I don't want to enter in a debate here, but just to share my thoughts on the subject. I've been reading quite a lot about madness lately and realised that clinical categories of psychiatric illnesses are far from being as clear as the ones for somatic illnesses.

While for a physician a symptom points to a cause in the body (pain<---bruise), in psychology, all we have are symptoms which professionals try to gather into a category. The question is: Is there such a thing as shizophrenia? I'm not saying that it doesn't exist, but just that the category is a theoretical construct (one which has greatly changed over the years) which we put as a cause (hallucination<---schizophrenia) although it is an effect of our reasoning on the symptom (And the woman in the video is very aware of this state of affairs).

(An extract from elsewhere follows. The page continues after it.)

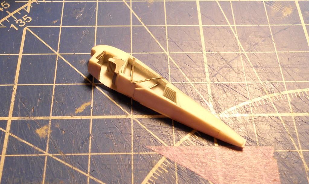 Поврежденная обшивка снята. Буду ещё увеличивать внутренний объём почти до реального. Заодно сделал основу крыла.

Psychiatrists don't really know what schizophrenia IS because it IS nothing in itself, it is not as tangible as a bruise or a bacteria which causes pain or flu.

That's why it's quite hard to talk of diagnosis and even more of misdiagnosis. The only established fact (provided she tells the truth) is that she had symptoms which she managed to get rid of through a meditative practice. Whether her case was fundamentally and essentially different from other cases (and whether all cases of schizophrenia are identical in nature) might remain a mystery for a long long time...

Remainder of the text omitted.